I looked at her with what I liked to think was a lascivious expression.

“Besides,” I said, “it’s your fault.”

She got dressed and went out to the little refrigerator in the hall to get me a Diet Pepsi.

The phone rang.

“Hello, son.”

“Hello, Dad.”

“What’s this I got in the mail today?” he asked.

“From me?”

“No, from Elvis,” he said. “Yes, from you.”

“It’s a Father’s Day card,” I answered.

“It isn’t Father’s Day,” Graham said.

“It should be,” I said.

There was a long silence over the phone. Then I said, “Dad, thanks for finding me.”

“Forget it,” Graham said. “So how’s Palm Springs?”

I laughed, then he nagged me about my various terrible injuries and I told him I was okay.

“Well, you take care of yourself,” he said.

“Yeah, you too.”

We would have gone on in that vein but it would have been absolutely bathetic.

Karen came back in, sat down on the bed and handed me the Diet Pepsi.

“Did we attempt to make a baby?” I asked.

I was willing. I thought I could handle it.

Talk about your long silences.

Then she shook her head.

“I still want to, though,” she said.

“I think I do, too.”

“But you don’t know,” she said.

“No.”

She sighed, lay down next to me in the bed, and snuggled her face into my neck.

“Not knowing’s not good enough,” she said. I’m sorry.

“Don’t be sorry. Wherever you go, there you are.”

We held each other as tightly as two people with various broken bones could.

“I think you’re right,” I said. “I think I have a lot of stuff to work out.”

“I hate saying it,” she said. “But I think so, too. I just want you to know. I’ve been thinking about it, too. A kid deserves that, you know?”

“Yeah, I do.”

“I guess you do.”

I swallowed hard and said, “So I think I’ll go see somebody.”

“You mean like a shrink?”

“Don’t sound so shocked.”

“No, I think it’s a good idea,” she said. “I’m just surprised that you do.”

“I don’t. I just don’t know how else to go about it.”

We shared some more silence.

“I think we should postpone the wedding,” she said.

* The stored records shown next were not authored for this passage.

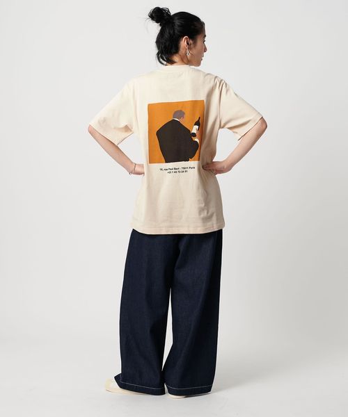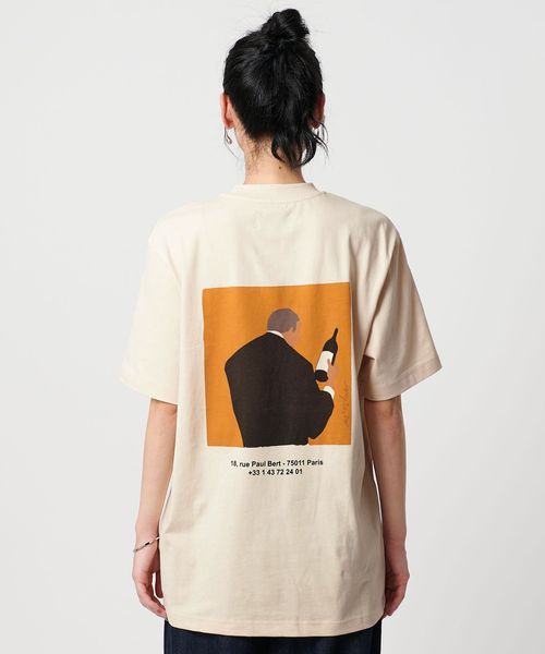 アート性のあるバックプリントが映える、パリの人気ビストロのTシャツ。
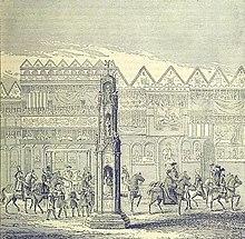 Although a number of images of the cross and its eventual destruction are known, these all postdate its various refurbishments, and so provide no certain guide to its original appearance.[97] However, the chronicler Walter of Guisborough refers to this and Charing Cross as being fashioned of "marble"; and it is likely that it was similar to the Hardingstone and Waltham Crosses, but even more ornate and boasting some Purbeck marble facings.[97][101]
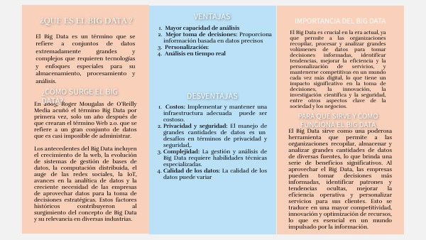 El Big Data es un término que se refiere a conjuntos de datos extremadamente grandes y complejos que requieren tecnologías y enfoques especiales para su almacenamiento, procesamiento y análisis.
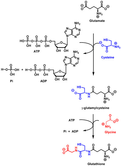 During ex-novo synthesis of glutathione, glutamate, and cysteine are combined by the enzyme glutamate-cysteine ligase (GCL) to form glutamyl-cysteine, which is then combined with glycine by glutathione synthase (GS). GSH is synthesized in a 2-step reaction, requiring two molecules of adenosine triphosphate ATP, which are transformed into ADP and Pi. GSH is a reductant in cellular redox reactions, forming glutathione disulfide (GSSG), which can be reduced again to regenerate the GSH.

“Is that a gentle way of saying we’re not getting married?”

“No, it’s a gentle way of saying that we shouldn’t get married until we know what we want,” she said. “And I guess we need to be alone for a while.”

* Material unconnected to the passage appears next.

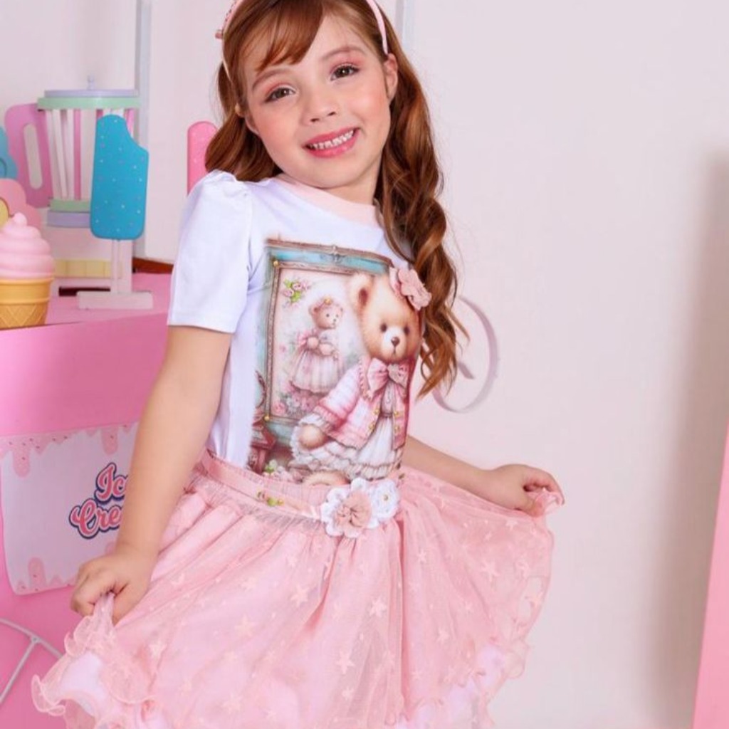 CONJUNTO REMERA OSITO CON POLLERA TUL Y VINCHA T 5 AÑOS
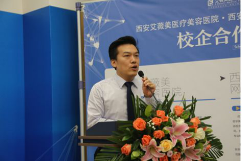 李耀辉副校长代表学校讲话,他指出,西安艾薇美医疗美容是国内第一个将医美整形与口腔、儿科、妇科、体检治疗融为一体的综合医疗平台,是美和健康管理平台,也是新型医学共享的平台。学校和西安艾薇美医疗美容合作,是响应国家加强校企合作的一项重要举措,是学院深入推进院校合作“互利双赢”的积极探索。本着互利双赢、优势互补的原则,共同努力协作培养既有扎实文化基础知识,又有与岗位能力要求相对接的高素质技术技能人才,培养出医院、企业、学校、家长、社会满意的医护人才。通过双方共同努力,必将在双方发展理念的创新、师资队伍建设、教学科研能力提高、校院资源共享、社会服务能力提升等方面取得丰硕的成果。

That scared the shit out of me. “You’ll be there when I come back?” “If it works out that way,” she said. “And I hope it works out that way. I love you.” “I love you, too.”

I left the hospital two days later. I was still sore and still hurting and had a heroic limp, but it was time to go. I said good-bye to Nathan and Hope. Karen had already left.

Saying goodbye to Nathan was harder than I thought it would be. It’s funny-first I couldn’t wait to get rid of him, and when I finally did I felt kind of sad. I just had this feeling that I had seen the last of Natty Silver and that there weren’t any more coming down the road.

I don’t want to talk about saying good-bye to Karen.

I didn’t really know where I was going so I finally got on that flight to Palm Springs. I hated to leave a trip unfinished, I wanted to find a shrink, and I figured that they probably had a few of them in California.

So I never should have got out of the hot tub, right? Sometimes you get out of the hot water just to jump right back into it.

But maybe you have to almost drown before you really learn to swim. And sometimes you find out that you’re somewhat broken and you can’t swim at all.

But you do anyway.

Drowning in the desert, you just tread water.